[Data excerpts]
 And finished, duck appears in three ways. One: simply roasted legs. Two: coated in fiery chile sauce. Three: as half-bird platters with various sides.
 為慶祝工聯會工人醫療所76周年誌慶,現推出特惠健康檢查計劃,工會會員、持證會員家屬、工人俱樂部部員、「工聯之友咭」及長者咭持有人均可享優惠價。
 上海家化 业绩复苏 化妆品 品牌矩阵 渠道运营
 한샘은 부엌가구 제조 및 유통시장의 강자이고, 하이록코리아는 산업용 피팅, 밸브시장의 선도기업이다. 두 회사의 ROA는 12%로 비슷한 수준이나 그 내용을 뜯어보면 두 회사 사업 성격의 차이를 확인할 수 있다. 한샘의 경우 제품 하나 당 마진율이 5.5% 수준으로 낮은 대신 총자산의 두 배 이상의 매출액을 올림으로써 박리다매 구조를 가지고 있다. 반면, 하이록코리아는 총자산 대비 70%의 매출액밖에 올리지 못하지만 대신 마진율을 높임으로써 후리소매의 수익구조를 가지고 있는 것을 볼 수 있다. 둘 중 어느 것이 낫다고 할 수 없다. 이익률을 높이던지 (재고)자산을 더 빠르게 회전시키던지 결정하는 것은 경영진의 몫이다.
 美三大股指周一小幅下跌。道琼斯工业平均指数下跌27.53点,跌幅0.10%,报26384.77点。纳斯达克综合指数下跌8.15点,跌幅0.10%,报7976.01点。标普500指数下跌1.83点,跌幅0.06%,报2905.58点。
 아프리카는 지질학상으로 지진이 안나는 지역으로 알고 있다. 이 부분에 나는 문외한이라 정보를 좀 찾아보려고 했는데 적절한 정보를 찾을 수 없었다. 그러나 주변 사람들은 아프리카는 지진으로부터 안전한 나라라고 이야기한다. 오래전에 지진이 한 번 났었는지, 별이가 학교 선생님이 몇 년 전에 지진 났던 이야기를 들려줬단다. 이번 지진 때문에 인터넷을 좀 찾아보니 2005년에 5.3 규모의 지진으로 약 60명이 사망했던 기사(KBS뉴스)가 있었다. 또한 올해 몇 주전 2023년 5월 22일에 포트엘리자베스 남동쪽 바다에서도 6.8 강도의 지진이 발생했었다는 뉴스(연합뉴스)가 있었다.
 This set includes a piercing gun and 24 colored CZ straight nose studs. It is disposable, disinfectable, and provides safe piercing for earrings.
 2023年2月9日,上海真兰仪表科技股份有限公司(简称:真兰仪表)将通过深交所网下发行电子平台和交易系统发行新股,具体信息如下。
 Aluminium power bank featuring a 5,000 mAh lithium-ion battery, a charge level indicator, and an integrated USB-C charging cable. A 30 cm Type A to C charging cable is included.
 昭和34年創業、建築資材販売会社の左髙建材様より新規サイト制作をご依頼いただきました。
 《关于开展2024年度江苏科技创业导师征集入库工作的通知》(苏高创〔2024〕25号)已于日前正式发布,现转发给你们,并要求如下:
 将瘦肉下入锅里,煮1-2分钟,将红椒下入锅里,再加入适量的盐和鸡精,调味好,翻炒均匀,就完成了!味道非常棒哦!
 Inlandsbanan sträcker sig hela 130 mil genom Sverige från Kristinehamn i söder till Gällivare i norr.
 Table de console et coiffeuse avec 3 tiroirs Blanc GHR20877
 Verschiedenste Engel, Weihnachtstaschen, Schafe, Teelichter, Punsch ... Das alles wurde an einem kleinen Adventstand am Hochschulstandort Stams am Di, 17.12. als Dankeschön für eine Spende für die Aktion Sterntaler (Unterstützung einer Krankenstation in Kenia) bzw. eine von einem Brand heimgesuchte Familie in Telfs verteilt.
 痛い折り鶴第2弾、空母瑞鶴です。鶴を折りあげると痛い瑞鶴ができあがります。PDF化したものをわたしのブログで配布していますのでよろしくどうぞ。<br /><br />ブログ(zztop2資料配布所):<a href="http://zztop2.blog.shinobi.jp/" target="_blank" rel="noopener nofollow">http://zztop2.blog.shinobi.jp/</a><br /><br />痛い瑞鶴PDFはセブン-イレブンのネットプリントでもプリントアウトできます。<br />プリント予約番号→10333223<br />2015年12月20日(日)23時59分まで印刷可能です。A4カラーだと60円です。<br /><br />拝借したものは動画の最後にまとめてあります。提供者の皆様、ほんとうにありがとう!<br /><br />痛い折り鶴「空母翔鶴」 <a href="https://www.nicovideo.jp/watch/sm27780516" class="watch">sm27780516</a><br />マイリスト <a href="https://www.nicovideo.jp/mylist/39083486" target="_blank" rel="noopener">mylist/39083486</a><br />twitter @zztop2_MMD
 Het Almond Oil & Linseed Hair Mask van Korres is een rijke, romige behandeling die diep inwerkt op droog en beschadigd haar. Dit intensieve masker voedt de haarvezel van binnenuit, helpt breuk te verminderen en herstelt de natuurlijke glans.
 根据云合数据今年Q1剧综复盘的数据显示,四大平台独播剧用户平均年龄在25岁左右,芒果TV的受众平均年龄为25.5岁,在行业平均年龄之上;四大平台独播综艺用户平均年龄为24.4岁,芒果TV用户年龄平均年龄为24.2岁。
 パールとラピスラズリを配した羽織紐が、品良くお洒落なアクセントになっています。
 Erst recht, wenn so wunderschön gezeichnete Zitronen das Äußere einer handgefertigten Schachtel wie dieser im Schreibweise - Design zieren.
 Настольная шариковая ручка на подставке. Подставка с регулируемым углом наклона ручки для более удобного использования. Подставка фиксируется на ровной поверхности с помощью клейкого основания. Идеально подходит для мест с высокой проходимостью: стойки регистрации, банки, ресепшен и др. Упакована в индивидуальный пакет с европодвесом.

Activity ->
Pull out every line of the entries that includes the word "einer".

Written reply ->
 Verschiedenste Engel, Weihnachtstaschen, Schafe, Teelichter, Punsch ... Das alles wurde an einem kleinen Adventstand am Hochschulstandort Stams am Di, 17.12. als Dankeschön für eine Spende für die Aktion Sterntaler (Unterstützung einer Krankenstation in Kenia) bzw. eine von einem Brand heimgesuchte Familie in Telfs verteilt.
 Erst recht, wenn so wunderschön gezeichnete Zitronen das Äußere einer handgefertigten Schachtel wie dieser im Schreibweise - Design zieren.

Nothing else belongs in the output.